Lidiane era cantora. Cantava gospel para igrejas evangélicas na Baixada Fluminense e esta era a primeira vez que viajava para cantar em outras congregações. Começara a cantar na igreja ainda menina e sua voz chamou a atenção. Lembrei de um podcast sobre Nina Simone que escutara algumas semanas antes. Nina também começou assim: cantando gospel aos cinco anos de idade e assombrando os que a ouviam com a potência de sua voz. Não disse nada à Lidiane, em parte para não interrompê-la, em parte porque imaginei, talvez de forma errônea, que não conheceria Nina Simone. Lidiane continuou relatando que na verdade era tímida, mas aos poucos foi trabalhando isto, aprendendo a confiar no Senhor e nos seus caminhos. Pensava em fazer faculdade, mas as pessoas ao seu redor lhe convenceram que seu talento para cantar era um dom de Deus, não podia ser desperdiçado. Com o tempo ela, que não se via cantora, se acostumou e até tomou gosto. Hoje em dia cantava para milhares de pessoas e agora dava o primeiro passo para uma carreira nacional, quem sabe internacional. Pois, apesar de morar na parte boa do seu município, perto da praça, sonhava em ganhar dinheiro e sair dali, mudar-se para um lugar mais central do Rio de Janeiro, como Copacabana, ou até para o exterior...

 

 

Minha filha, que estava na fileira de poltronas do outro lado do estreito corredor, se interessou pela conversa. Lidiane, ao vê-la, elogiou: “Que linda! Tenho um sobrinho que também é branquinho assim, igual ela”. Fiquei um pouco incomodada com o comentário, mas não demonstrei. Apresentei Lidiane à minha filha, que de uns tempos pra cá diz que quando crescer vai ser cantora. O rosto da pequena se iluminou: “Mamãe, vamos no show dela?”. Acho que não... Por mais encantadora que Lidiane seja, shows de gospel em igrejas evangélicas não me interessam. Mas fiquei emocionada com o encontro, há tempos não conversava com uma pessoa espontânea como Lidiane, que parecia destituída de julgamentos ou segundas intenções, legitimamente feliz por compartilhar suas vitórias. Diferente de mim, Lidiane não racionalizava cada pedaço da conversa. Que voe cada vez mais alto. 

Comentários

Nadia Coldebella disse…
Espero mesmo q Lidiane você, cresça e se realize. Quem sabe ela tenha sorte de se tornar consciente, mas serena diante dos preconceitos...
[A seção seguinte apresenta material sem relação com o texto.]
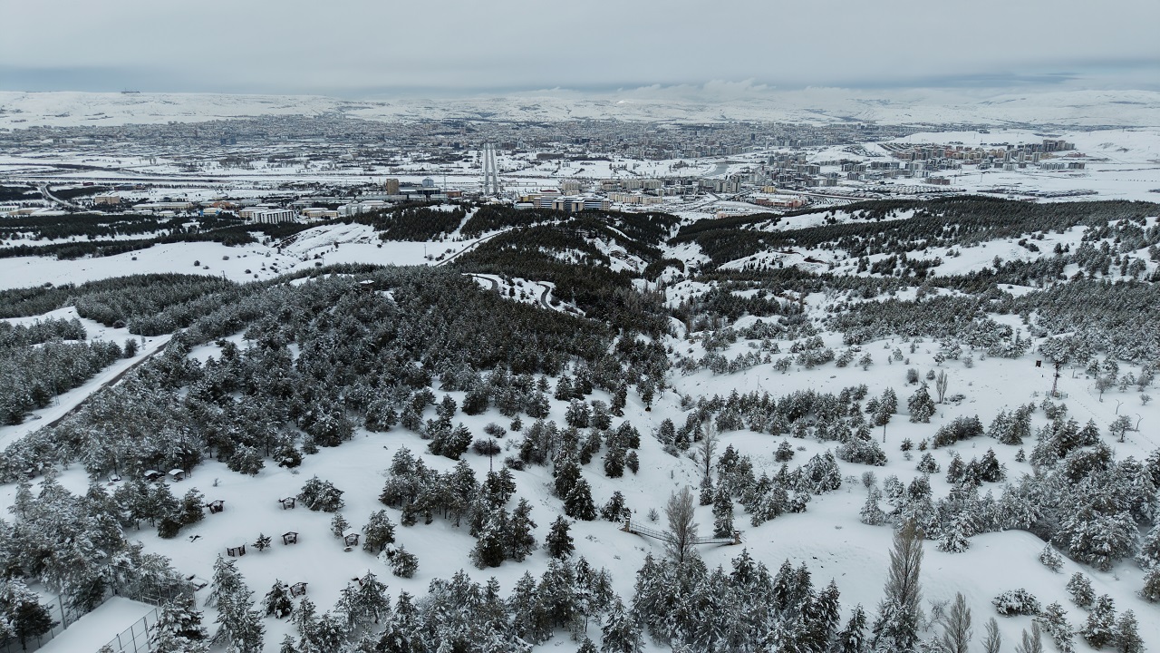 SİVAS'ta kent merkezine hakim bir noktada bulunan ve çam ağaçlarının yoğunlukta olduğu Kardeşler Ormanı'nda kar yağışı ile ortaya çıkan manzara havadan görüntülendi.

É bacana esse contraste q sua auto análise trás pra gente. Pra pensar, refletir, considerar e se revisar!
Bjo!!
Zoraya Cesar disse…
Que crônica leve e que nos eleva tb, Alfonsina! Um respiradouro de borboletas e esperanças no meio do caos. E vc fez o melhor: parou de pensar o q quer q estivesse pensando e prestou atençao ao outro com sentimento e não só curiosidade. Sucesso pra Lidiane!
sergio geia disse…
Alfonsina, que prazer ler a sua crônica, talvez pela narrativa que a meu ver, se assemelha muito à crônica-raiz. Esses momentos são para mim como bater uma foto, a crônica é a materialização de seu registro. A narradora, pelo que você deixou transparecer, é propensa a julgamentos ou segundas intenções, sem contar a existência de ideias preconcebidas. Lidiane é espontânea, faceira, leve, assim como toda a criança, assim como a filha da narradora O homem, meio dado no início, se retraiu depois. Honestamente? Que delícia ler você hoje!
Albir disse…
Que beleza, Alfonsina! Seu texto tem a força da verdade, como o discurso honesto e espontâneo da moça. Moça que me deu vontade conhecer.